Pero eso no es posible, si éramos felices los tres juntos. Tenía que haber un
error, eso no podía estar pasándome a mí. Tiene que ser una broma, una
pesadilla o algo. ¿Dónde está la cámara oculta? Esto no tiene ninguna gracia.
No podía creer lo que acababa de oír. Con la misma cara de incredulidad con la
que me había quedado al oír las palabras de mi madre, me levanté, cogí el
jersey que había dejado antes en la entrada de la casa y me dirigí hacia la
puerta.
-
Cariño,
¿dónde vas? Hace frío. Por favor, vuelve. Te necesito. – decía mi madre entre
lágrimas.
-
Tengo
que salir a dar una vuelta. Entiende que es difícil. Te quiero mamá.
-
Vuelve
pronto, por favor. Yo también te quiero, cielo.
Entiendo
que mi madre lo pase mal. Es su marido, el padre de su hija y la persona con la
que lo ha compartido todo en muchísimos años. ¿Cuántos años llevan casados?
¿Veinte? Es posible. Veinte años casados y resulta que todo es una farsa, una
mentira que ha ido tejiendo poco a poco. Y en este momento me asaltan mil
dudas. ¿Su otra familia sabrá de nosotros? ¿Tendré algún hermano? Bueno,
hermanastro. ¿Cómo se le ocurrió hacernos esto a mi madre y a mí?
En
ese momento empecé a atar cabos. Las navidades que pasábamos solas en casa mi
madre y yo porque él “trabajaba hasta tarde”, las discusiones antes de dormir
mientras yo subía la música de mis cascos para no escucharles. Siempre pensé
que sería cosa de una recaída, a mi padre nunca se le dio bien decir que no a
sus amigos si le invitaban a tomar algo en el bar de siempre.

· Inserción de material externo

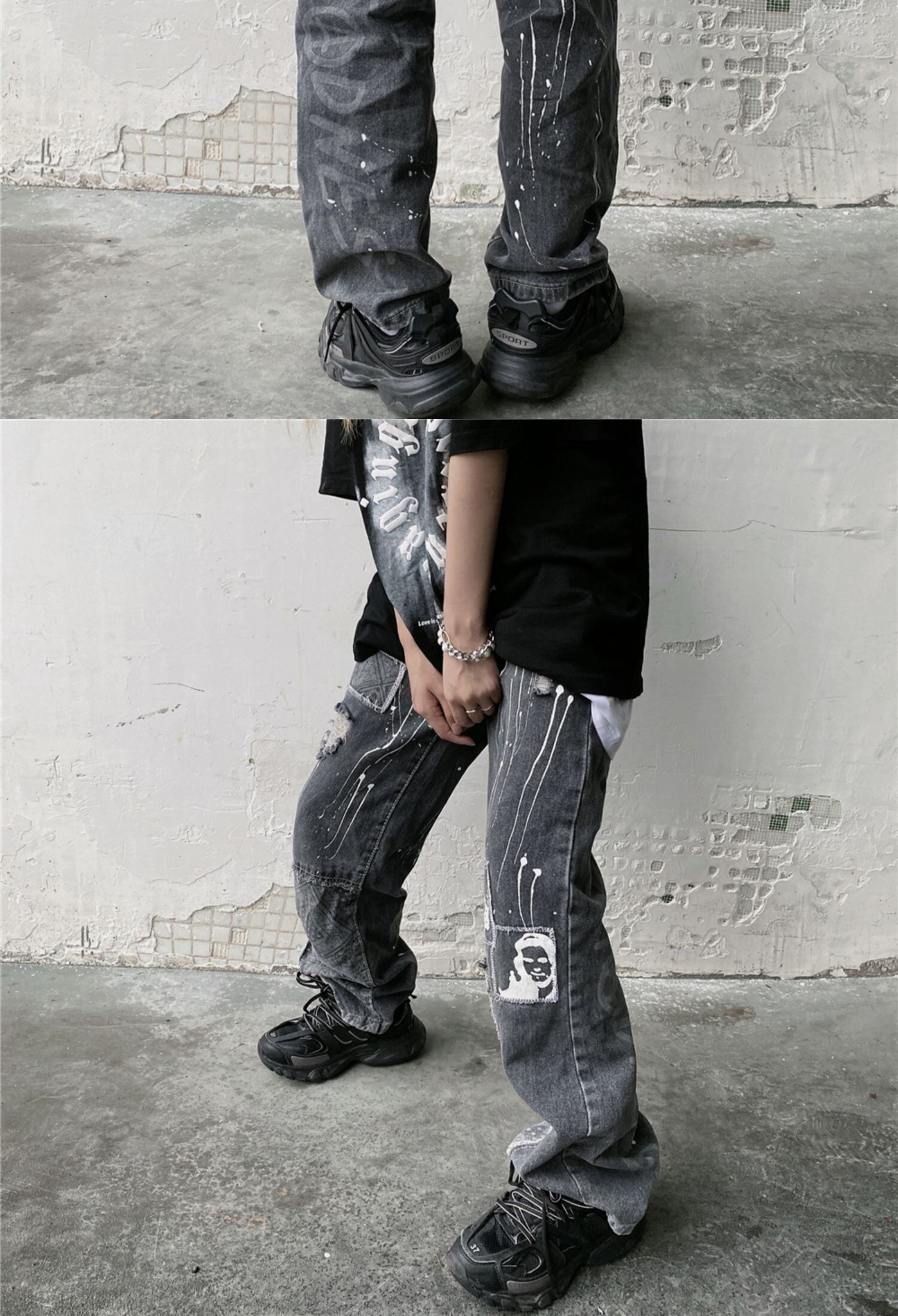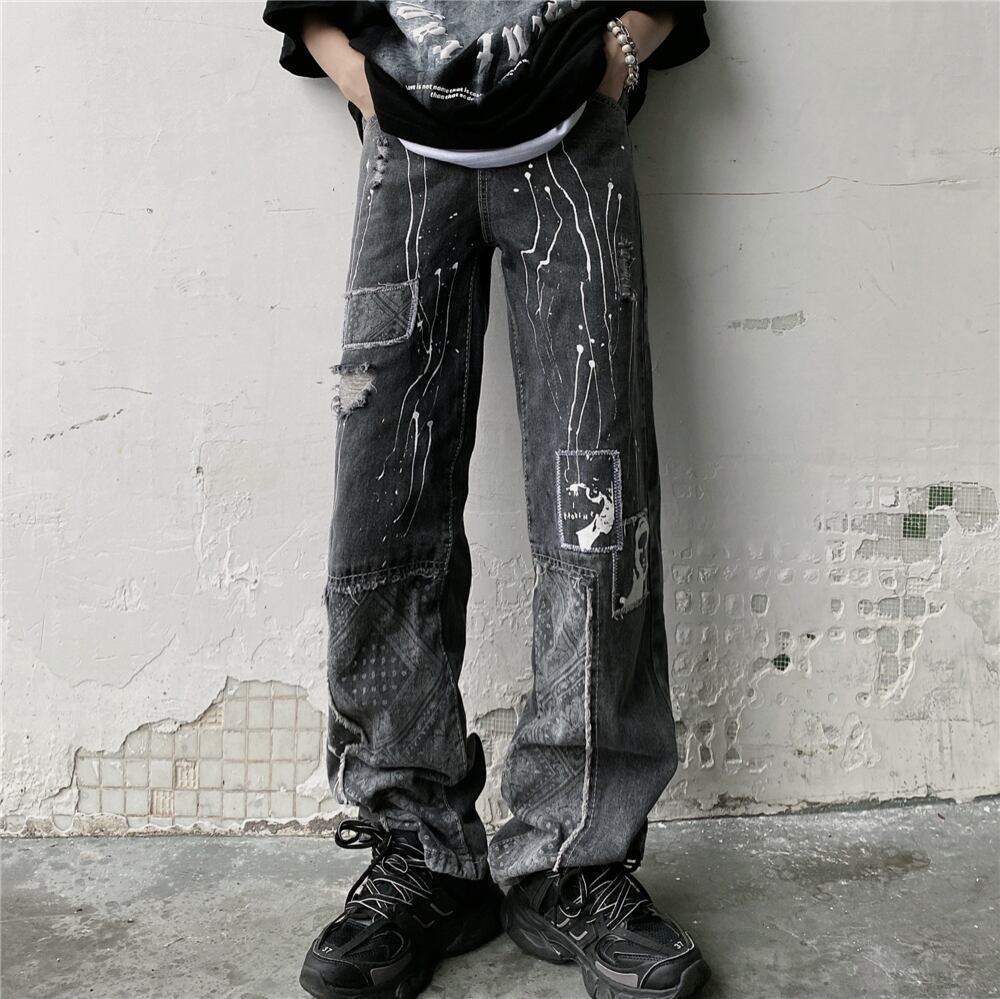 韓国ファッションパンツ レディース夏服スタイルルーズジーンズ ハイウェストウェスト 夏物 ウエスト コーデ モノクロ Studio29023632731

Ahora sé que ese
no era el factor principal.
Decidí
dar un paseo por la vereda del río que pasa cerca de casa. Hacía frío pero la
brisa me vendría bien. Era tarde y al ser invierno anochece más temprano. Es un
sitio bonito, pero tan oscuro da un poco de miedo y no se sabe nunca lo que te
puedes encontrar.
En
realidad no sé si quería estar sola, simplemente necesitaba pensar y asimilar
todo lo que acababa de caerme encima como una losa muy pesada.
En
ese mismo instante decidí que debía volver a casa. Cuando entré en ella y vi a
mi madre llorando desconsoladamente y a mi padre con dos maletas en las manos,
noté que no era el momento de hablar nada, pero no pude remediarlo. Me limité a
expulsar todo lo que pensaba de él y de su otra familia por la boca, gritando
como nunca me habían oído. Él me miraba atónito. ¿Su hija estaba gritándole de
esa manera? No lo iba a consentir y según pronuncié otra palabra, noté chocar
su mano contra mi mejilla con una fuerza tal, que caí al suelo. No podía
creerlo, no podía habérmelo imaginado nunca. Demasiadas emociones. Demasiados
sentimientos. Rencor. Odio. Asco. No quería volver a verle, así que me levanté,
me armé de valor y le eché de nuestra casa. No quería volver a saber nada de él
ni de su vida, y se lo hice notar. Por mucho que pidas perdón, el dolor de la
mejilla mañana se me habría pasado, pero el dolor de saber que mi padre ha sido
capaz de levantarme la mano y darme un bofetón así nunca se me irá. Se ha
quedado grabado en mi corazón, al igual que sus cinco dedos en mi cara.
Según
cerré la puerta, fui consciente de lo que acababa de hacer y mi madre llegó
justo a tiempo para darme un abrazo antes de derrumbarme.
Esa
noche no conseguí dormir. Me acosté junto a mi madre para no dormir solas.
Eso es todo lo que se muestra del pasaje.